Cheryl L. G. Cummings relaxes in front of a pair of full-spectrum lights in a room at Curves for Women in Soldotna. She said she uses the lights at least three times a week to keep her spirits up during the winter. "I don't think I feel it right away," she said. "But I'm always happy. Being from Connecticut, I'm used to seeing the sun."

Photo by M. Scott Moon

It's the middle of winter. The days are short, the nights are long and the landscape is cloaked under several feet of snow.

From the falling of the first flakes in October, some Kenai Peninsula residents lament the dropping temperatures and dwindling hours of daylight that lie ahead.

At first, these folks may read books to break up the monotony, watch television to relieve the boredom or listen to music to cope with the cabin fever, but as the days grow shorter, their winter blues get worse.

By January, these folks can barely drag themselves out of bed in the morning. They feel a sense of sadness that's overwhelming and relationships at work and home are suffering — signs that full-blown depression has set in. Does this scenario sound familiar?

If it does, you are likely one of the estimated 10 million Americans suffering from the condition known as Seasonal Affective Disorder, often appropriately referred to as SAD.

"SAD is a form of depression that is seasonally linked," said Pam Hays, who holds a doctorate in clinical psychology at Central Peninsula Counseling Services in Kenai.

First noted before 1845, but not officially named until the early 1980s, SAD is believed to be linked to the amount of sunlight a person receives.

Sunlight effects the seasonal activity patterns of animals, such as bears that go into to hibernation at the first signs of winter, and so, too, are the "internal clocks" of humans affected. As such, SAD can occur anytime of year, but is more common in winter.

"In Alaska, it's the end of October or early November that people begin to notice symptoms," Hays said.

The condition may peak around January and SAD affects may last up until March or April.

SAD can affect people of any age, but the most common age of onset is when people are in their 30s.

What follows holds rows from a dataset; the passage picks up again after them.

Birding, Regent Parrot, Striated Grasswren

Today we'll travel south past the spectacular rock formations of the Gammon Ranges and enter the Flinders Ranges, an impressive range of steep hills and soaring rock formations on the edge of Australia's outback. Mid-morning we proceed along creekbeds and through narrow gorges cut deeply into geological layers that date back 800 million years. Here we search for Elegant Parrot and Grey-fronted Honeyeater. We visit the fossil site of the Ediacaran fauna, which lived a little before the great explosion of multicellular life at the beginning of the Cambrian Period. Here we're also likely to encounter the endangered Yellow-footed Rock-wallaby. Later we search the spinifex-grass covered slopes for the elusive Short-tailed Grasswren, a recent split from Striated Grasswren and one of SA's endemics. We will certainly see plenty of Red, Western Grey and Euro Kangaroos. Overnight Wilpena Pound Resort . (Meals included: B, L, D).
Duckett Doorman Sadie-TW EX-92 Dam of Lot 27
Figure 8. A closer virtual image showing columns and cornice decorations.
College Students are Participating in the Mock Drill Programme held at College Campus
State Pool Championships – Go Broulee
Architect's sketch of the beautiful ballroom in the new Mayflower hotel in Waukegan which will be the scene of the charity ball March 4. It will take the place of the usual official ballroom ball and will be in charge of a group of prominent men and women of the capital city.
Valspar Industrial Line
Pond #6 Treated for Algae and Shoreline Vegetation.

SAD can affect both genders but it is more common in women, Hays said. About 70 to 80 percent of diagnosed cases of SAD are in women.

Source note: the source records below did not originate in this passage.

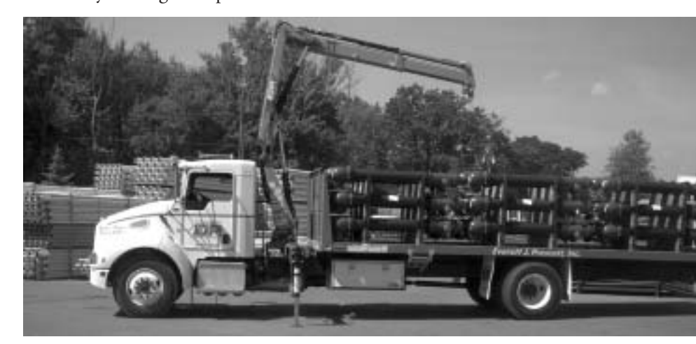
Hydrants seen here were purchased by Merritt Construction for their Town of Ulster, NY project

Our newest trucks may be no match for the Team EJP Racing Truck, but our customers are not complaining. Rigged with cranes that enable lengths of ductile iron pipe to be strung at the job site, our 10 new trucks are the latest example of how we are constantly striving to improve service to our customers.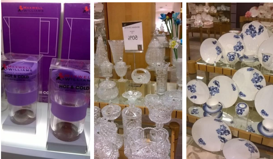
Image 2-4. Examples of products in Metro and Sogo

When it comes to kitchen tools the stand of Joseph Joseph drew attention in Sogo. The products of this brand had a separate corner at the home decoration department with wooden shelves and a more attractive presentation. Simple tools to squeeze juice from a fruit (price IDR 160 000, EUR 12), remove chopped vegetables from a folding cutting board, bottle pourer spouts and foldable graters were part of the selection. Sogo's brands for kitchen tools included also the brand Monkey Business, originally from Israel (Monkey Business 2015). Monkey Business offered small kitchen accessories such as lid lids that simplify cooking. It is their funny design, small colourful men that distinguished them from other products with similar functionality.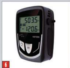
6 Paperless recorder 2 channels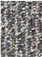
7558 Mixed Infusion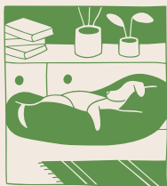
Pet friendly apartments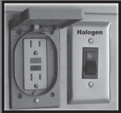
GFIC Waterproof Receptacles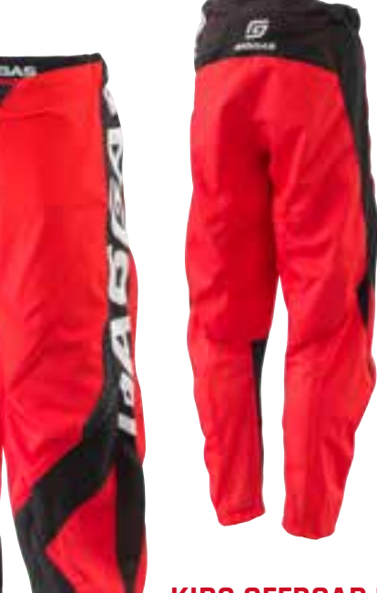
KIDS OFFROAD PANTS

Perfectly matching our Kids Offroad Shirt, these pants are lightweight and packed with the latest tech to guarantee style, fit, and function.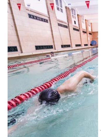
A 25 m x 9 m swimming pool with 4 water lines located in the heart of the campus in the International House (180 people).

To determine whether symptoms are a result of SAD, Hays suggests visiting the family physician for a medical evaluation as a good way to whittle down the root cause of the depression.

"Medical evaluations can rule out anemia, thyroid problems and other conditions that could mimic depression, but will take a different course of treatment than counseling," she said.

The second step after receiving a physically clean bill of health is to visit a mental health professional to look at the behavioral aspects of the depression, Hays said.

"The mental health professional can look at what the symptoms are, and when and how often the symptoms are occurring to see if they are seasonally linked," she said.

"Chances are if the symptoms set in at the same time, year after year, but by summer you feel better, you may be suffering from SAD," Hays said.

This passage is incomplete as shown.